1. **Data handling**
    - `pandas` and `numpy` for loading and manipulating datasets.

2. **Visualization**
    - `matplotlib` and `seaborn` to create plots and explore data distributions.

3. **Machine learning**
    - `scikit-learn` for implementing various classification algorithms,
      preprocessing data, and evaluating model performance.

We also set a random seed to make sure our experiments are reproducible.


In [None]:
from IPython.core.pylabtools import figsize
import seaborn as sns
import pandas as pd
import numpy as np
import matplotlib.pyplot as plt
from sklearn.metrics import accuracy_score
import sklearn.preprocessing as skl_pre
from sklearn.model_selection import train_test_split
import sklearn.linear_model as skl_lm
import sklearn.discriminant_analysis as skl_da
import sklearn.neighbors as skl_nb
import sklearn.model_selection as skl_ms
from sklearn.ensemble import RandomForestClassifier

pd.options.mode.chained_assignment = None
np.random.seed(1)


# Loading the data

We start by loading the training and test datasets using `pandas`. This gives us an initial idea of the dataset size and structure.


In [None]:
# Read data
train = pd.read_csv('../data/train.csv')
print(train.shape)
test = pd.read_csv('../data/test.csv')


# Feature engineering

To prepare our data for modeling, we create a few new features:

- **Co-lead words**: estimates the words spoken by the co-lead as a proportion of total words.
- **Percentage of words spoken by female and male actors**: normalizes the dialogue counts.

We also drop the columns `Total words` and `Difference in words lead and co-lead` since their information is now captured in the new features.
We apply the same transformations to both the training and test datasets.


In [None]:
### Feature selection and engineering ###

train["Co-lead words"] = (
    (train["Number of words lead"] - train["Difference in words lead and co-lead"]) 
    / train["Total words"]
)
train["percentage female"] = train["Number words female"] / train["Total words"]
train["percentage male"] = train["Number words male"] / train["Total words"]

train = train.drop(["Difference in words lead and co-lead", "Total words"], axis=1)

# Apply the same transformations to the test data
test["Co-lead words"] = (
    (test["Number of words lead"] - test["Difference in words lead and co-lead"])
    / test["Total words"]
)
test["percentage female"] = test["Number words female"] / test["Total words"]
test["percentage male"] = test["Number words male"] / test["Total words"]

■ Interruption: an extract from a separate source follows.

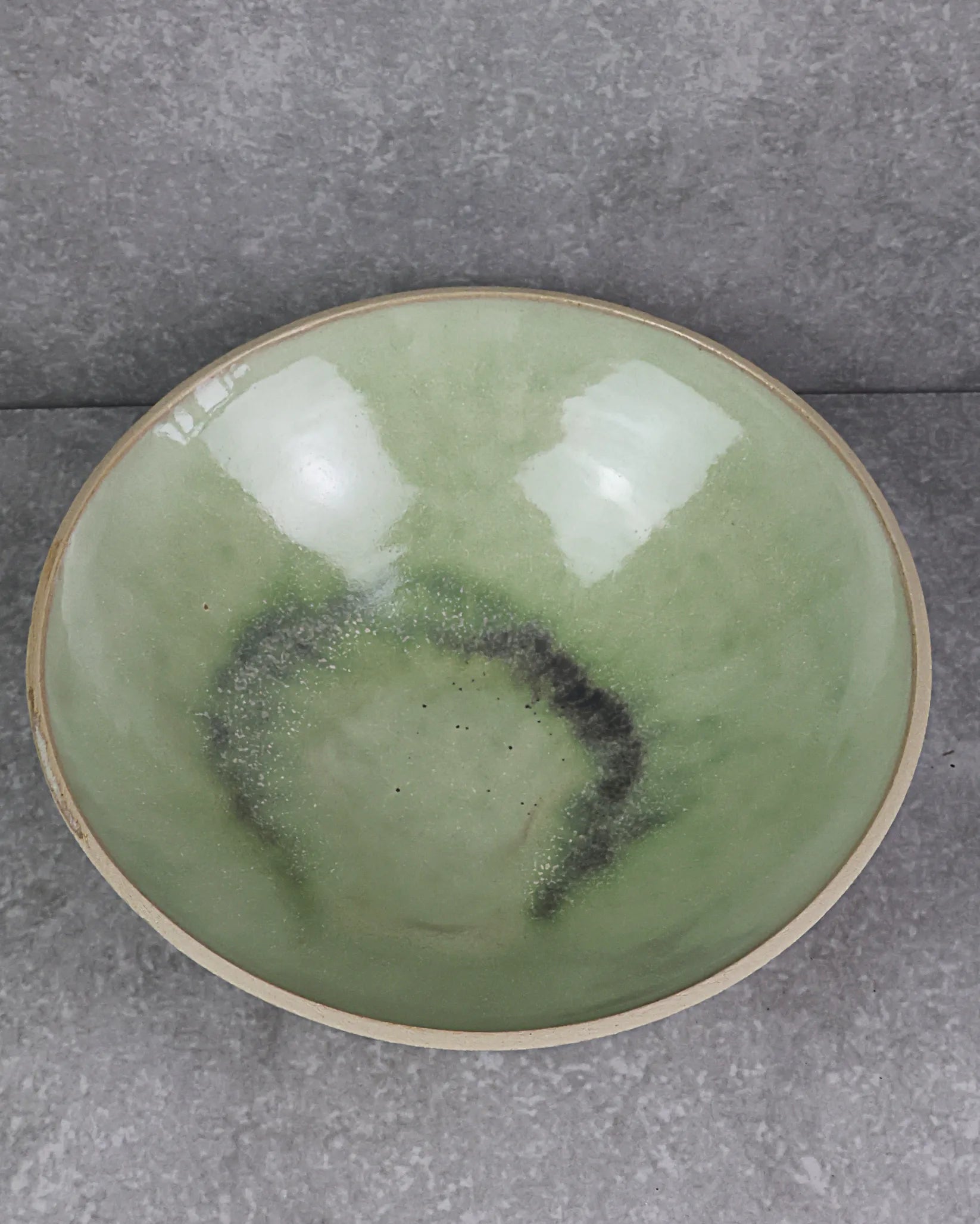 - Plat en céramique avec émail vert.

test = test.drop(["Difference in words lead and co-lead", "Total words"], axis=1)

X = train.drop("Lead", axis=1)
y = train["Lead"]


# Finding the optimal *k* for k-Nearest Neighbors

To tune our k-NN model, we run multiple cross-validation loops over a range of *k* values (from 1 to 200).
This helps us understand how the choice of *k* affects prediction accuracy.

We repeat this process several times to get a stable estimate, then plot the average accuracy
to identify the best *k* value for our dataset.


In [None]:
### KNN METHOD ###
# Cross-validation with repeated splitting to find the optimal k

n_runs = 10
K = np.arange(1, 200)
classification = np.zeros((n_runs, len(K)))

for i in range(n_runs):
    x_train, x_val, y_train, y_val = skl_ms.train_test_split(
        X, y, test_size=0.3, random_state=1
    )
    
    # Rescale data with Standard Scaler
    scaler = skl_pre.StandardScaler().fit(x_train)
    
    for j, k in enumerate(K):
        model = skl_nb.KNeighborsClassifier(n_neighbors=k)
        model.fit(scaler.transform(x_train), y_train)
        prediction = model.predict(scaler.transform(x_val))
        classification[i, j] = np.mean(prediction == y_val)

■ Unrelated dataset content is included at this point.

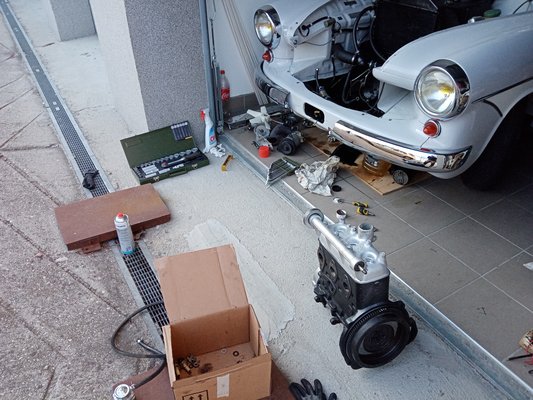 A motort egy budapesti gépműhelybe vittem fel felújításra, ahol kiderült, hogy az egyik égéstérnél a hengerfej át volt szakadva. Ezt megjavították, s felfúrták a hengereket. A főtengelyt új csapágyakkal rakták össze, majd centírozták, végül pedig új dugattyúkat és gyűrűket kapott a motor. Közben elkészült a dinamó és az önindító felújítása is.

average_classification = np.mean(classification, axis=0)

optimal_k_index = np.argmax(average_classification)
optimal_k = K[optimal_k_index]
optimal_accuracy = average_classification[optimal_k_index]

print(f"The optimal k is {optimal_k} with an average accuracy of {optimal_accuracy:.4f}")

plt.scatter(K, average_classification)
plt.xlabel("k (number of neighbors)")
plt.ylabel("Average classification accuracy")
plt.title("Finding the optimal k for k-NN")
plt.show()



# Tuning Random Forest hyperparameters

Next, we tune the hyperparameters of the Random Forest classifier to improve its performance.
We use `GridSearchCV` to explore different values for:

- `n_estimators`: the number of trees in the forest.
- `max_leaf_nodes`: the maximum number of leaf nodes in each tree.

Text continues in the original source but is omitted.